Она почувствовала себя задетой, словно обидели ее младшего брата. Но у Седьмого явно и в мыслях не было отыгрываться на толстяке. Он выглядел слишком озабоченным собственной безопасностью.
– Скажите мне, в чем дело, – потребовал Шестой. Он пытался не моргать, но не мог справиться с собой. Казалось, оба его века дергаются по причине нервного тика.
– Скажи ему, – предложил Седьмой.
– Из коридора нет выхода, – коротко объяснила Восьмая.
– А из других помещений? – осведомился Шестой.
Седьмой мрачно улыбнулся.
– Насколько я понимаю, эти двое как раз заняты поисками. И нам очень повезет, если мы их больше не увидим. Но я так не думаю.
Им стало ясно, что он, скорее всего, прав. Прежде разрозненные сведения складывались будто фрагменты мозаики. Картинка получалась малоутешительная. И это еще очень мягко сказано.
Шестой мог представить себе и гораздо более жестокий эксперимент. Седьмой тоже не питал иллюзий относительно того, как устроен этот дерьмовый мир. Слова «справедливость» не было в его лексиконе. Но самому вдруг сделаться подопытным кроликом? Причем не в роли гражданина государства, а буквально ощутить это на своей шкуре. Подобное казалось вопиющей дикостью.
– Короче, что ты предлагаешь? – спросила у него Восьмая.
– Надо выждать.
Она и раньше встречала людей, которые в любой ситуации выжидали до последнего. Они почти не совершали ошибок. Но почти ничего и не делали. Иногда ей казалось, что они и не живут, постоянно откладывая это рискованное занятие на потом.

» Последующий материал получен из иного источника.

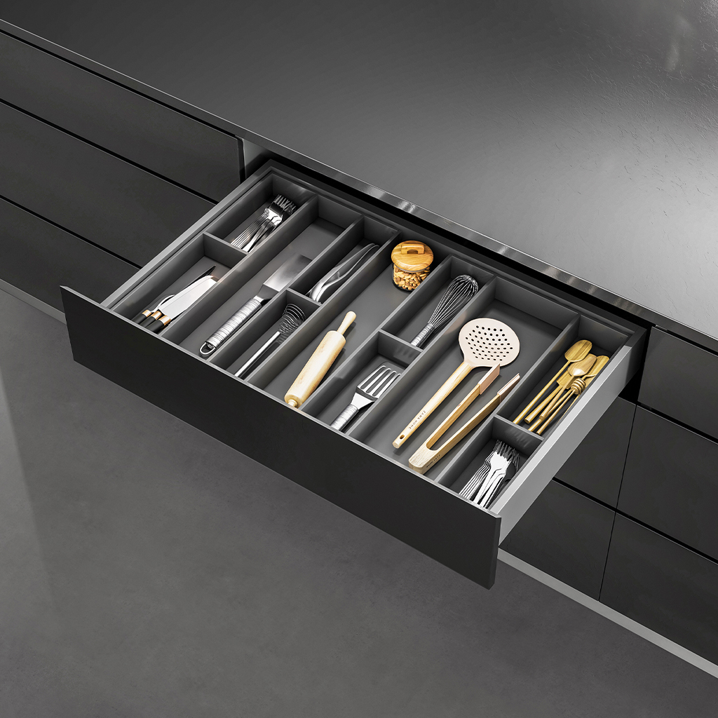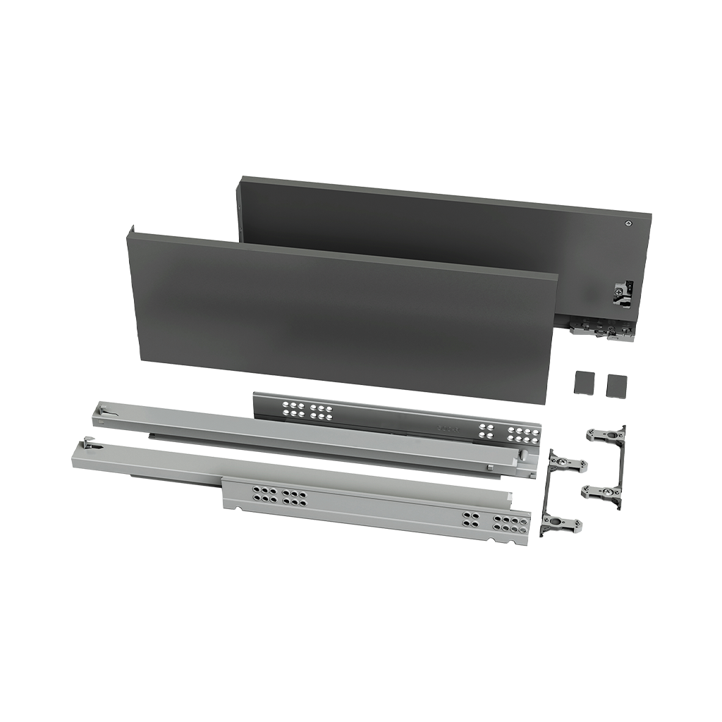 Gaveta TEK FIT com laterais finas de 175mm de altura, com amortecedor e ajuste 3D.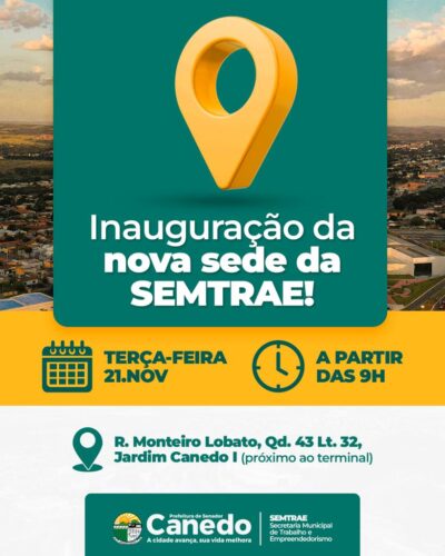 Prefeitura de Senador Canedo inaugura nova sede da SEMTRAE Prefeitura de Senador Canedo inaugura nova sede da SEMTRAE 20 de novembro de 2023

– Сколько дверей в коридоре? – спросил Шестой. Мало что различая глазами, он хотел иметь в голове хотя бы приблизительную схему.
– Восемь. Все номера, по-видимому, одинаковые…
– Правильно, – подтвердила Восьмая. – У меня такой же. Только картина другая.
– Мы находимся в седьмом. Это один из четырех крайних.
– Может быть, тут есть замаскированный выход? – предположил толстяк.
– Если нас не прикончат раньше, у тебя будет достаточно времени, чтобы это выяснить.
Седьмой как в воду глядел. После своего мрачного прогноза он снова взял в руку свою импровизированную дубинку.
Но напрасно.
От сильного удара дверь едва не слетела с петель. Часть коробки откололась, а замок вырвало вместе с шурупами. В проеме появился Третий – тоже с дубиной наперевес.
Восьмая успела подумать, что сцена напоминает первую встречу доисторических племен из какого-то фантастического фильма. Дикари визжали и орали, хватило проломленных черепов; потом пришел Саблезубый, и уцелевшим пришлось объединиться против нового страшного врага…
С тех пор цивилизация все-таки шагнула далеко вперед. Обошлось без леденящих кровь воплей. Мелькнула дубина Седьмого, оказавшегося справа от дверного проема у стены, и Третьего спасла только феноменальная реакция. Он отклонился, и Седьмой по инерции врезался предплечьем в косяк, после чего сделался легкой добычей. Третий дал ему ногой по яйцам, а когда тот согнулся, отправил его в нокаут мощным боковым крюком.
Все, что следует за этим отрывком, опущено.